WHAT THIS TASK INVOLVES => Your task is to return the listing below word for word, without any of its images.

MATERIAL PROVIDED =>
"""

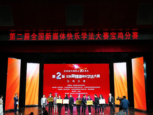 10月17日,由司法部普法与依法治理局指导,法制日报社、中共陕西省委普法工作领导小组办公室、中共宝鸡市委全面依法治市委员会主办,法治周末报社、中共宝鸡市委普法工作领导小组、宝鸡文理学院、融创互动(北京)文化传媒有限公司承办的第二届全国新媒体快乐学法大赛第十场线下赛——宝鸡分赛在宝鸡文理学院成功举办。来自宝鸡市公、检、法、司等相关部门以及宝鸡文理学院等院校的650余名观众现场观赛。
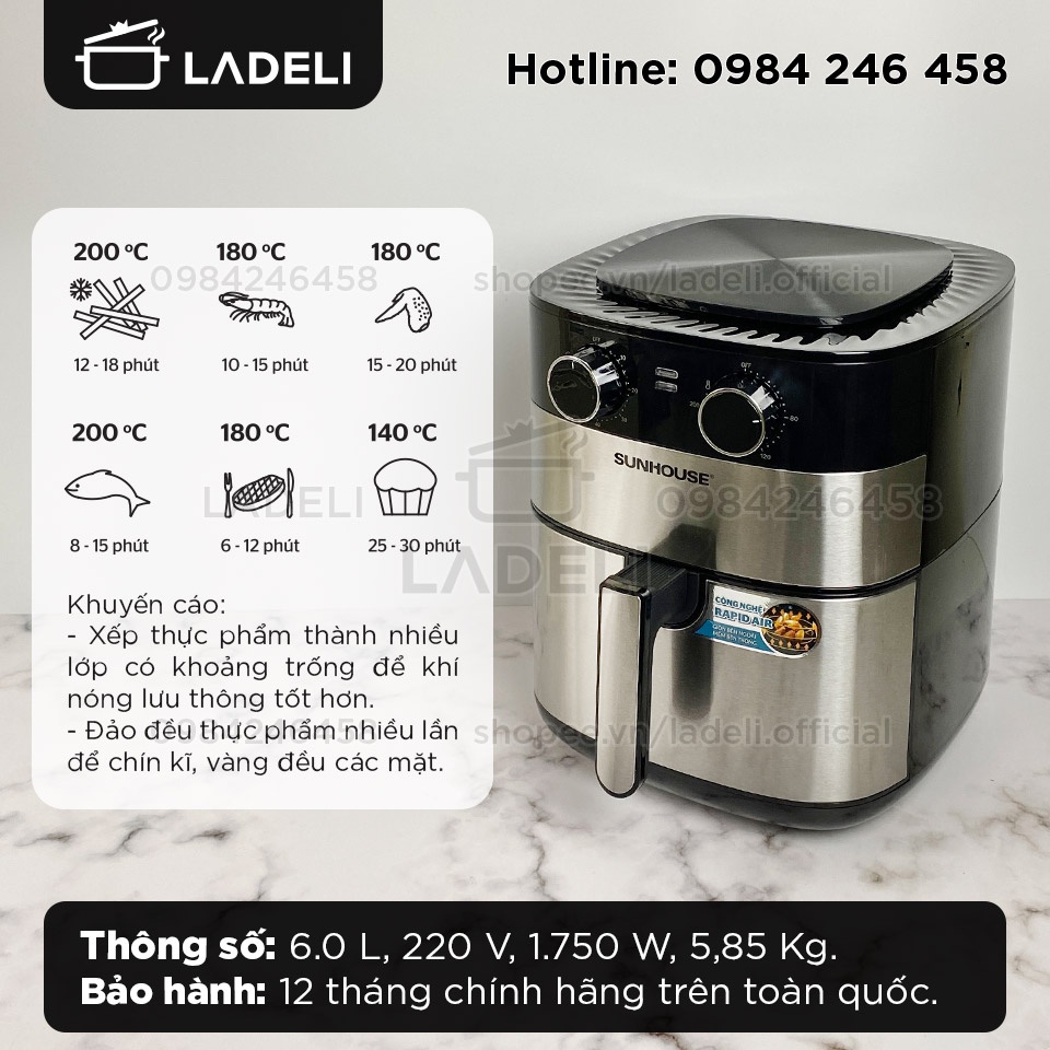 [Mã ELHADEV giảm 4% đơn 300K] Nồi chiên không dầu 6L SUNHOUSE SHD4026 bảo hành 12 tháng
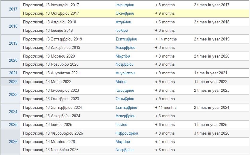 Η Παρασκευή και 13 εμφανίζεται από μία έως τρεις φορές κατά τη διάρκεια ενός έτους, ανάλογα το πως συνδυάζεται η ημερομηνία στην κάθε χρονιά,φέτος “έπεσε” τον Ιανουάριο, ενώ αυτό θα συμβαίνει μέχρι και το 2020. Το 2021, το 2022 και το 2025 θα την συναντήσουμε μόνο μία φορά, ενώ το 2026 τρεις!
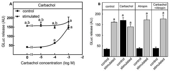 Muscarinic acetylcholine receptor: In two former projects, release of the reporter enzyme GLuc was stimulated by a high K+-depolarization buffer and entry of extracellular Ca2+ into the reporter cell line [10,11]. One aim of this study was to analyze if GLuc can also be released by a Ca2+-increase from intracellular pools. Muscarinic acetylcholine receptors, a member of class I, seven transmembrane G-protein-coupled receptors (GPCRs), comprise five distinct subtypes, denoted as muscarinic M1, M2, M3, M4, and M5 receptors [17,18,19,20]. Whereas M2 and M4 receptors are Gi-coupled and inhibit cAMP-formation, M1, M3 and M5 receptors are coupled to Gq and increased intracellular calcium concentration from the sarcoplasmatic reticulum via phospholipase C activation and IP3-formation. Carbachol, a non-selective muscarinic acetylcholine receptor agonist, increases intracellular calcium concentration and neurotransmitter release [21]. In line with this, carbachol provoked the release of the reporter enzyme GLuc from SIMA-hPOMC1-26-GLuc cells in a dose-dependent manner and the release was completely blocked by the muscarinic acetylcholine receptor antagonist atropine. At high concentrations, carbachol-mediated GLuc release reached the same level as GLuc release stimulated by high K+-depolarization.

"""

FINISHED TASK =>
 10月17日,由司法部普法与依法治理局指导,法制日报社、中共陕西省委普法工作领导小组办公室、中共宝鸡市委全面依法治市委员会主办,法治周末报社、中共宝鸡市委普法工作领导小组、宝鸡文理学院、融创互动(北京)文化传媒有限公司承办的第二届全国新媒体快乐学法大赛第十场线下赛——宝鸡分赛在宝鸡文理学院成功举办。来自宝鸡市公、检、法、司等相关部门以及宝鸡文理学院等院校的650余名观众现场观赛。
 [Mã ELHADEV giảm 4% đơn 300K] Nồi chiên không dầu 6L SUNHOUSE SHD4026 bảo hành 12 tháng
 Η Παρασκευή και 13 εμφανίζεται από μία έως τρεις φορές κατά τη διάρκεια ενός έτους, ανάλογα το πως συνδυάζεται η ημερομηνία στην κάθε χρονιά,φέτος “έπεσε” τον Ιανουάριο, ενώ αυτό θα συμβαίνει μέχρι και το 2020. Το 2021, το 2022 και το 2025 θα την συναντήσουμε μόνο μία φορά, ενώ το 2026 τρεις!
 Muscarinic acetylcholine receptor: In two former projects, release of the reporter enzyme GLuc was stimulated by a high K+-depolarization buffer and entry of extracellular Ca2+ into the reporter cell line [10,11]. One aim of this study was to analyze if GLuc can also be released by a Ca2+-increase from intracellular pools. Muscarinic acetylcholine receptors, a member of class I, seven transmembrane G-protein-coupled receptors (GPCRs), comprise five distinct subtypes, denoted as muscarinic M1, M2, M3, M4, and M5 receptors [17,18,19,20]. Whereas M2 and M4 receptors are Gi-coupled and inhibit cAMP-formation, M1, M3 and M5 receptors are coupled to Gq and increased intracellular calcium concentration from the sarcoplasmatic reticulum via phospholipase C activation and IP3-formation. Carbachol, a non-selective muscarinic acetylcholine receptor agonist, increases intracellular calcium concentration and neurotransmitter release [21]. In line with this, carbachol provoked the release of the reporter enzyme GLuc from SIMA-hPOMC1-26-GLuc cells in a dose-dependent manner and the release was completely blocked by the muscarinic acetylcholine receptor antagonist atropine. At high concentrations, carbachol-mediated GLuc release reached the same level as GLuc release stimulated by high K+-depolarization.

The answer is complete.